• **To do**
All the data that follows should be repeated exactly, without a single picture.

• **Material shown**
=== Section Start ===

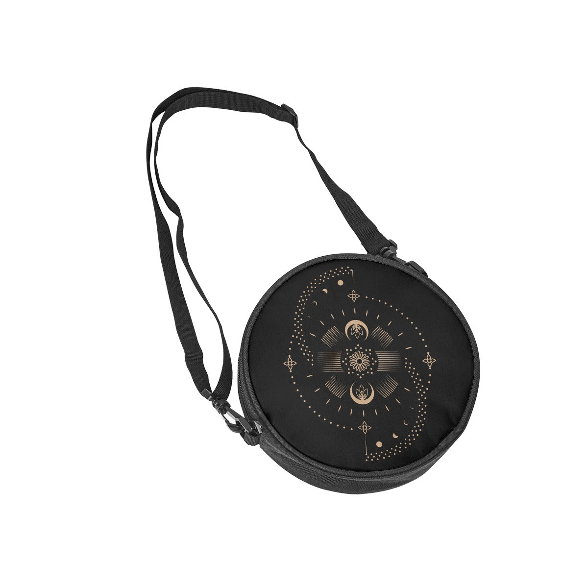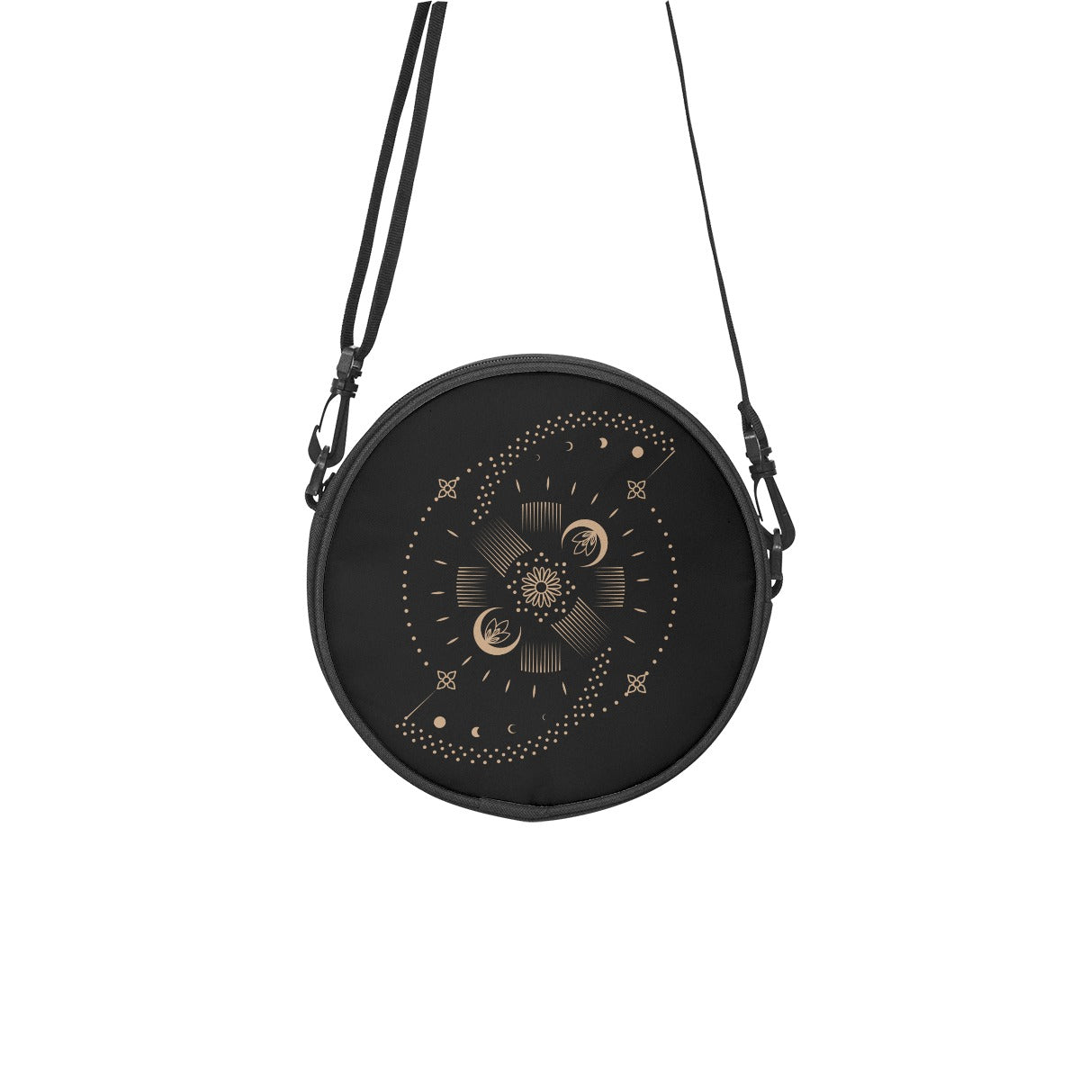 Juoda apvali rankinė su auksiniu mėnulio simboliu
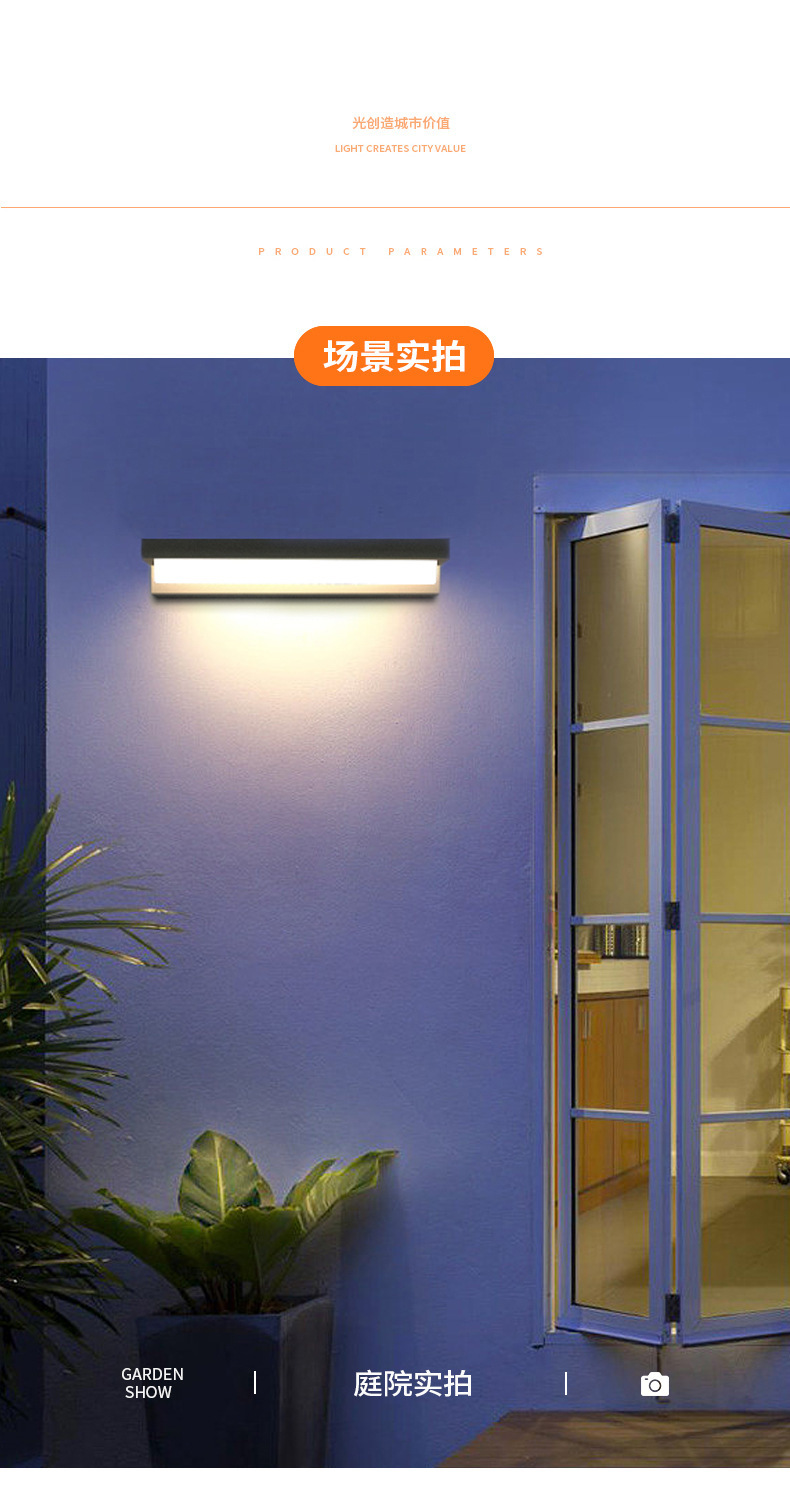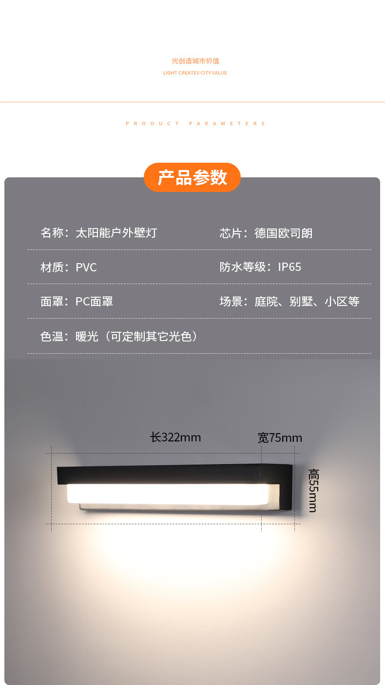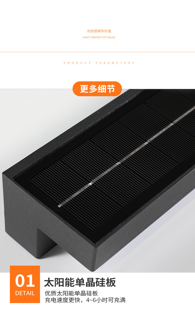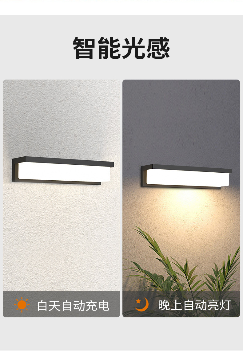 太阳能壁灯户外防水人体感应庭院灯别墅景观现代方形简约LED壁灯
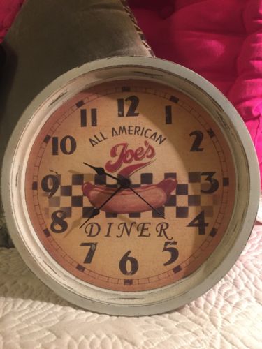 Title (ebay affiliate link): Vintage 1950's All American Joe's Diner Wall Clock/Artist Martin Wiscombe/Rare
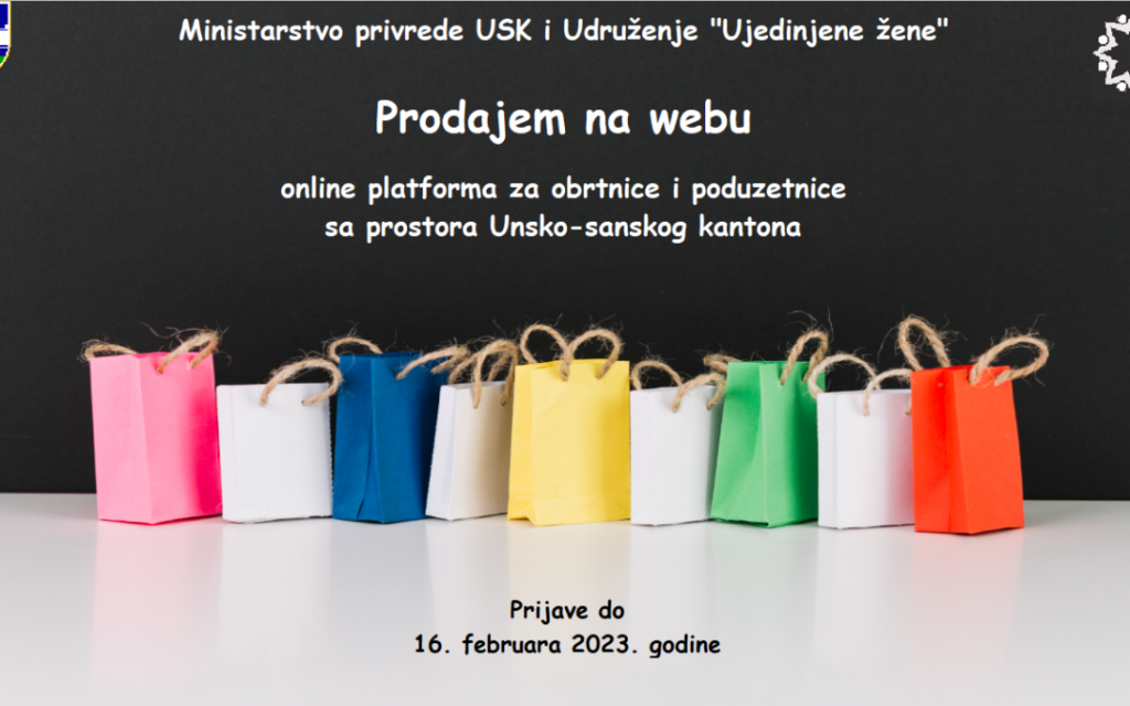 Udruženje „Ujedinjene žene“ u okviru projekta „Prodajem na webu“ svim poduzetnicama i obrtnicama sa prostora Unsko-sanskog kantona nudi besplatnu online platformu za reklamiranje i prodaju vlastitih proizvoda i usluga. Projekt finansira Ministarstvo privrede Vlade USK, a partner u projektu je Obrtnička komora USK. Ako imate ili pokrećete vlastiti obrt, prijavite se! Za poduzetnice i obrtnice […]
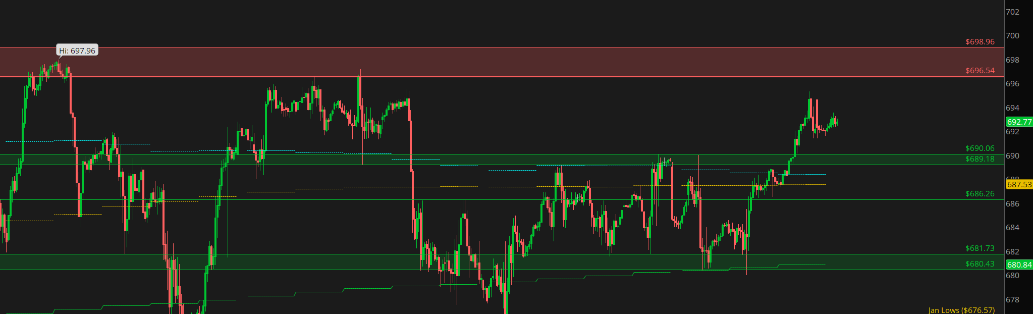 The 696.50/698 zone above will be tough. Would prefer to have a lower entry before heading towards those highs.
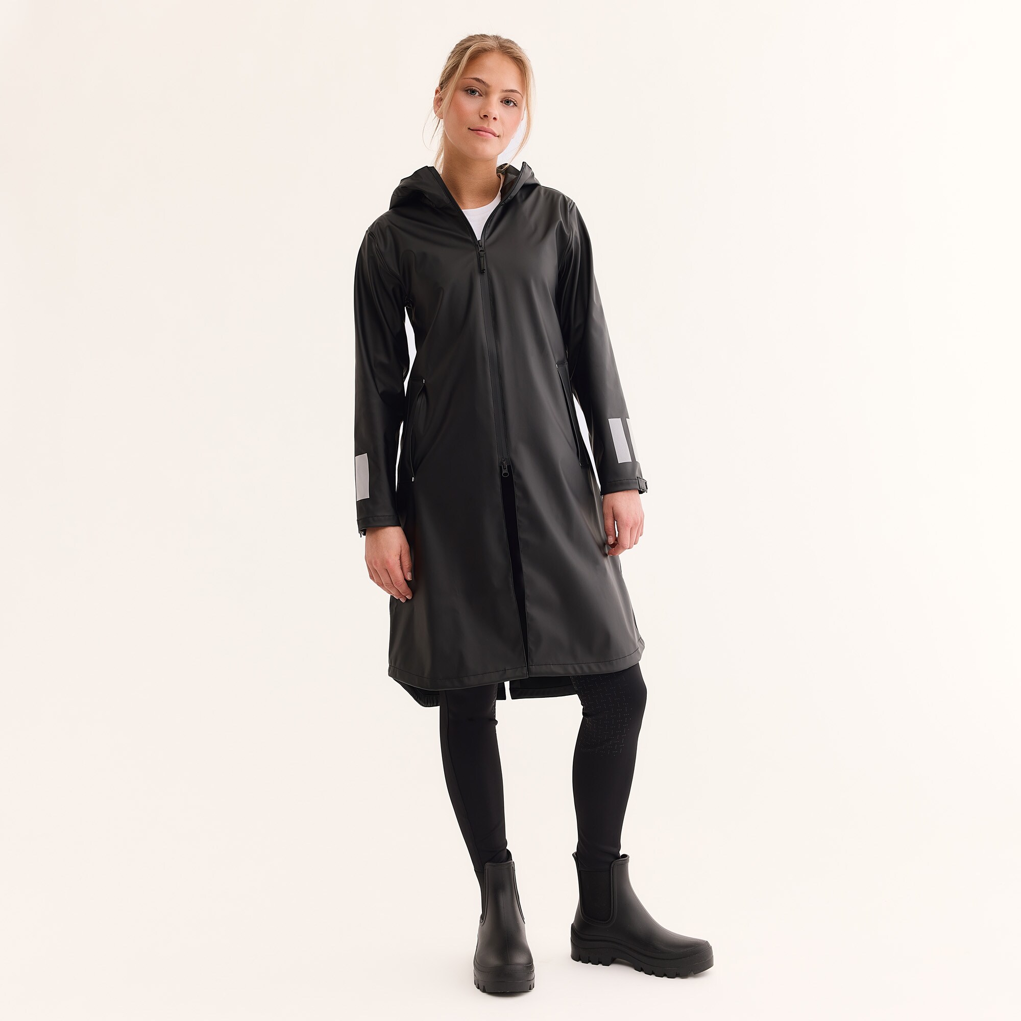 Toiminnallinen vedenpitävä sadetakki pitää sinut kuivana ja on mukavana säällä kuin säällä. Suojaava säädettävä huppu, jossa kiristysnauha. Klassinen, tuulen- ja veden pitävä malli toimii sade- ja kurasäällä. Väljän istuvuuden ansiosta alle voi pukea lämmittäviä vaatteita, joten takki sopii erinomaisesti pitkäaikaiseen käyttöön. Kaksi kätevää taskua ja lisäsuojaa tuova polvipituus. Edessä kätevä vetoketjukiinnitys, takana liikkumisvapautta tuova halkio. Hyvin erottuvat heijastavat yksityiskohdat hihoissa ja selässä parantavat turvallisuutta ja näkymistä pimeässä.
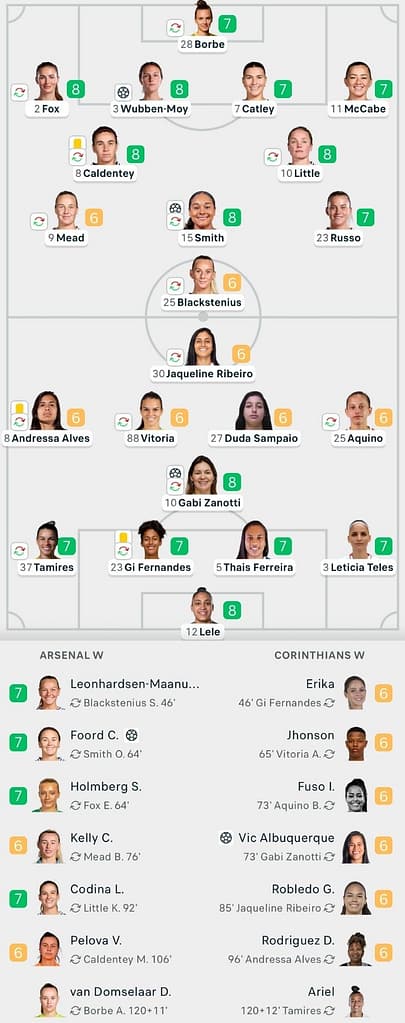 Arsenal pressed hard for a second before the break. Lele stood firm, denying Alessia Russo once and Beth Mead twice to keep Corinthians alive.
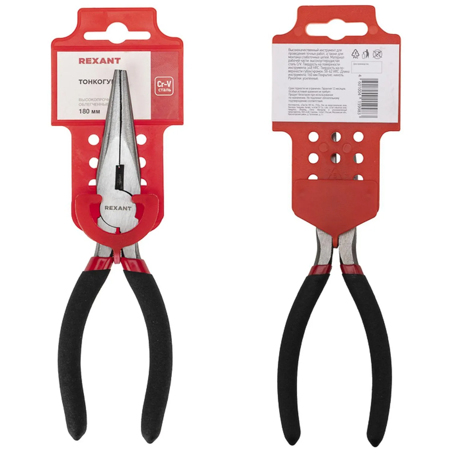 Тонкогубцы 180мм, обливные рукоятки REXANT 12-4618-1

=== Section End ===

• **Expected answer**
 Juoda apvali rankinė su auksiniu mėnulio simboliu
 太阳能壁灯户外防水人体感应庭院灯别墅景观现代方形简约LED壁灯
 Title (ebay affiliate link): Vintage 1950's All American Joe's Diner Wall Clock/Artist Martin Wiscombe/Rare
 Udruženje „Ujedinjene žene“ u okviru projekta „Prodajem na webu“ svim poduzetnicama i obrtnicama sa prostora Unsko-sanskog kantona nudi besplatnu online platformu za reklamiranje i prodaju vlastitih proizvoda i usluga. Projekt finansira Ministarstvo privrede Vlade USK, a partner u projektu je Obrtnička komora USK. Ako imate ili pokrećete vlastiti obrt, prijavite se! Za poduzetnice i obrtnice […]
 The 696.50/698 zone above will be tough. Would prefer to have a lower entry before heading towards those highs.
 Toiminnallinen vedenpitävä sadetakki pitää sinut kuivana ja on mukavana säällä kuin säällä. Suojaava säädettävä huppu, jossa kiristysnauha. Klassinen, tuulen- ja veden pitävä malli toimii sade- ja kurasäällä. Väljän istuvuuden ansiosta alle voi pukea lämmittäviä vaatteita, joten takki sopii erinomaisesti pitkäaikaiseen käyttöön. Kaksi kätevää taskua ja lisäsuojaa tuova polvipituus. Edessä kätevä vetoketjukiinnitys, takana liikkumisvapautta tuova halkio. Hyvin erottuvat heijastavat yksityiskohdat hihoissa ja selässä parantavat turvallisuutta ja näkymistä pimeässä.
 Arsenal pressed hard for a second before the break. Lele stood firm, denying Alessia Russo once and Beth Mead twice to keep Corinthians alive.
 Тонкогубцы 180мм, обливные рукоятки REXANT 12-4618-1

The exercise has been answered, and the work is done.